1) questions framed from the perspective of specific policies or policy interventions (the macro level) that may be needed and impactful to strengthen the provision of rehabilitation through health systems;

2) questions framed from the perspective of healthcare delivery organizations or health systems (the meso level);

3) questions from a defined patient or provider population perspective (the micro level);

4) questions about established or new important data sources or research methods (the methodological level).

Finally, rehabilitation research in this field is often conducted at the intersection of patient outcomes, practice, and policy7 to provide the necessary relevance for clinical practice.8 For example, research that determines the most effective service organization for a patient population in need of rehabilitation may inform organizational changes in a health system and the development of a national policy to implement and make these interventions accessible to all in need. Similarly, research showing the benefits of a specific policy has the potential to influence systems and services.9, 10 One could argue that HPSSR for rehabilitation shares some of the same characteristics of research focused on complex interventions commonly used in public health and other social and economic policy areas.11 Complex interventions are delivered and evaluated at different levels, from individual to societal levels.

The number of investigations and investigators dedicated to rehabilitation focused on HPSSR is still limited. For example, using the PubMed database, Jesus et al. showed that HPSSR in rehabilitation, as a percentage of all rehabilitation research, increased from 11% to 18% between 1990 and 2017.12 This reported growth is encouraging. It points out that there are opportunities for rehabilitation research to address questions that are highly relevant to patients, providers, health systems and policy-makers and that cannot be answered by traditional clinical research design and methodologies.13 However, the review by Jesus et al. also shows that the potential of HPSSR has not yet been fully explored by rehabilitation stakeholders. Hence, there is a gap between the need for high methodological quality research that addresses real-life problems and challenges relevant to policy-makers, researchers, multi-professional clinicians, and end-users in this field and the current rather clinical and epidemiological rehabilitation research landscape.

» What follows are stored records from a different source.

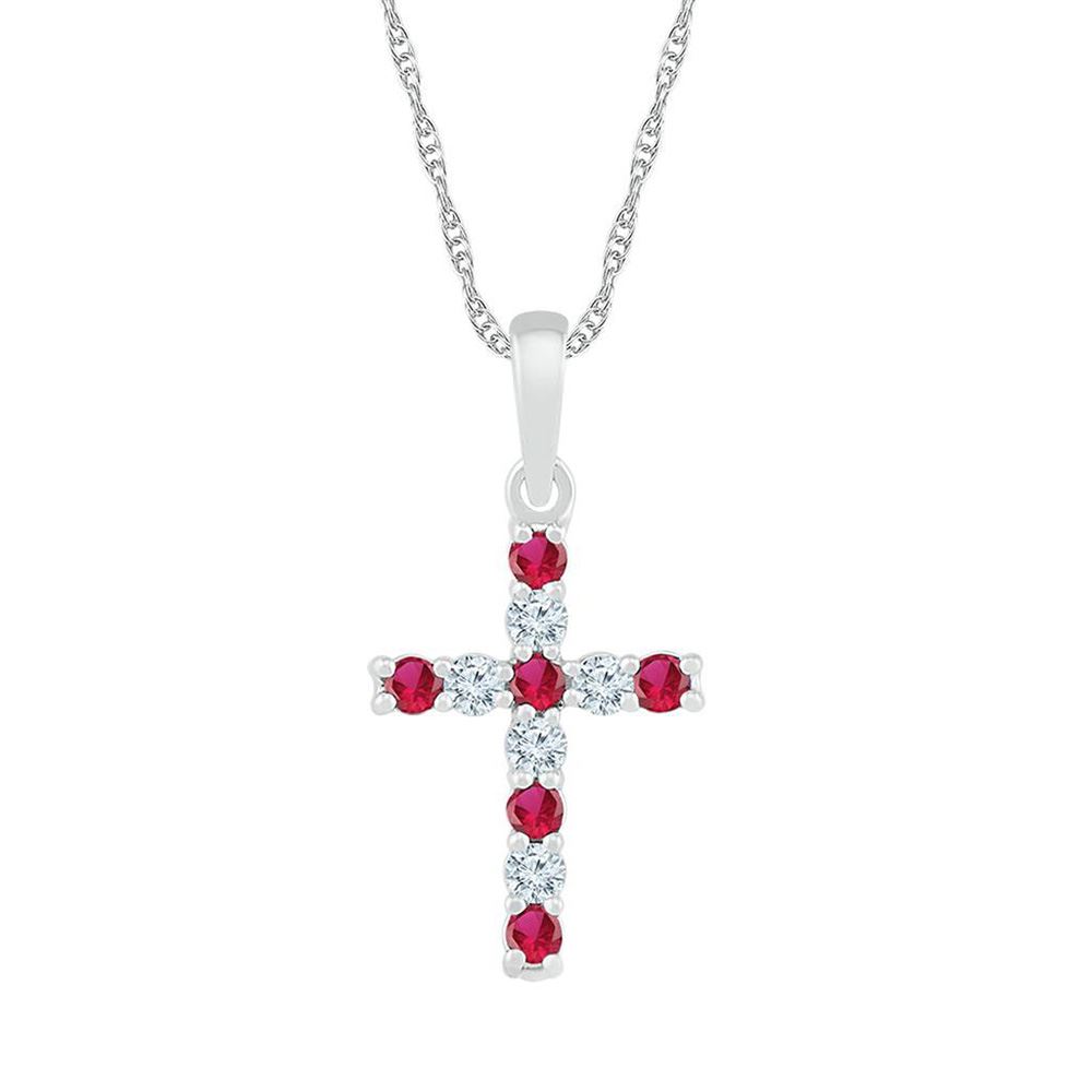 10kt White Gold Womens Round Lab-Created Ruby Faith Cross Pendant 3/8 Cttw
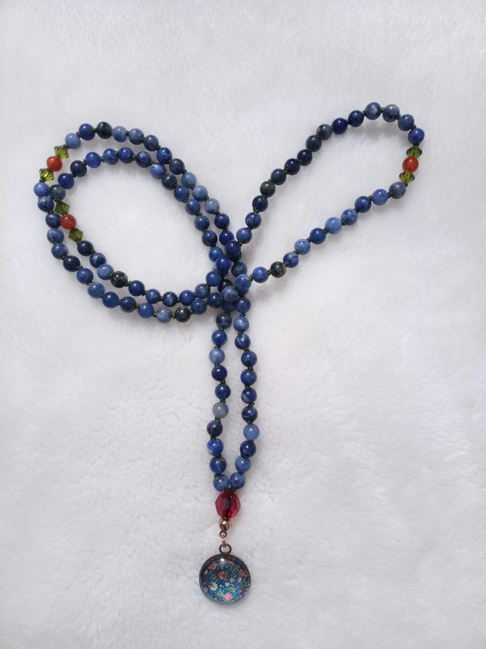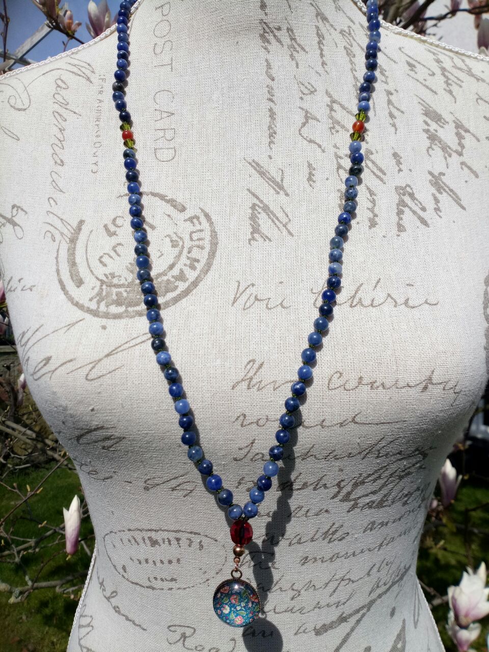 Sodalith, Zwischenperlen Karneol und Swarovskikristalle, Guruperle Glas, Kalotte und Biegering; 925er Sterlingsilber; rosévergoldet, Anhänger Blumencabochon mit Metall.
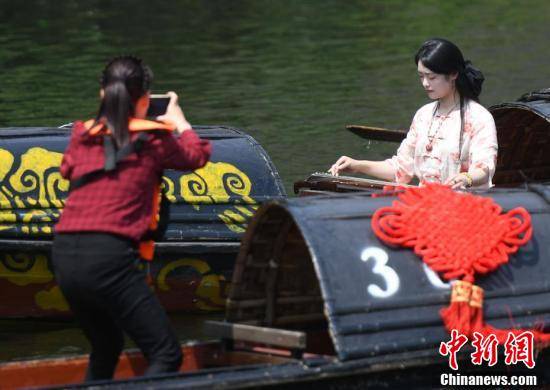东湖乌篷船上的古琴演绎吸引过往游客。王刚 摄

From the World Health Organization (WHO) perspective, HPSSR may start from any of the six health system building blocks (e.g., leadership and governance, financing, information systems, workforce, medicines and technologies and service delivery)14 and include the concern for policy process as well as global influences.15 Another approach for HPSSR for rehabilitation is using the Cochrane Effective Practice and Organization of Care Taxonomy which includes four domains of interventions (e.g., delivery, financial, governance arrangements and implementation strategies).16 Therefore, HPSSR is considered a transdisciplinary field directly focusing on both the responsiveness of health systems to health policies and the role of health policies in (re)shaping and strengthening the capacity and performance of health systems in delivering services.15, 17

Given the current underuse of HPSSR, relevant evidence is unavailable to key stakeholders. To foster a broader use of these research approaches, this conceptual paper aims to present exemplary research questions and study designs for this type of research in rehabilitation and discuss the applicability, usefulness, and importance of these research approaches for users in everyday clinical rehabilitation services and engaging in related research.

Research questions and study designs

Given the broad focus of HPSSR for rehabilitation, we developed a framework to assist readers in understanding the different types or levels of research questions addressed in HPSSR for rehabilitation (Table II). In developing this framework, we were guided by a final report on health services research into European Policy and Practice6 as well as drawing on a categorization of HPSSR articles appropriate for the journal, Health Services Research and the Burgess article, “Update on the Health Services Research Doctoral Core Competencies.”18 Previous discussions by the Cochrane Rehabilitation HPSSR Planning Group on the different levels of HPSSR research questions also assisted us. We propose four types of HPSSR questions relevant to the field of rehabilitation and discuss one example for each type of HPSSR question.

Table II. Examples of research questions in health policy, systems, and services research for rehabilitation.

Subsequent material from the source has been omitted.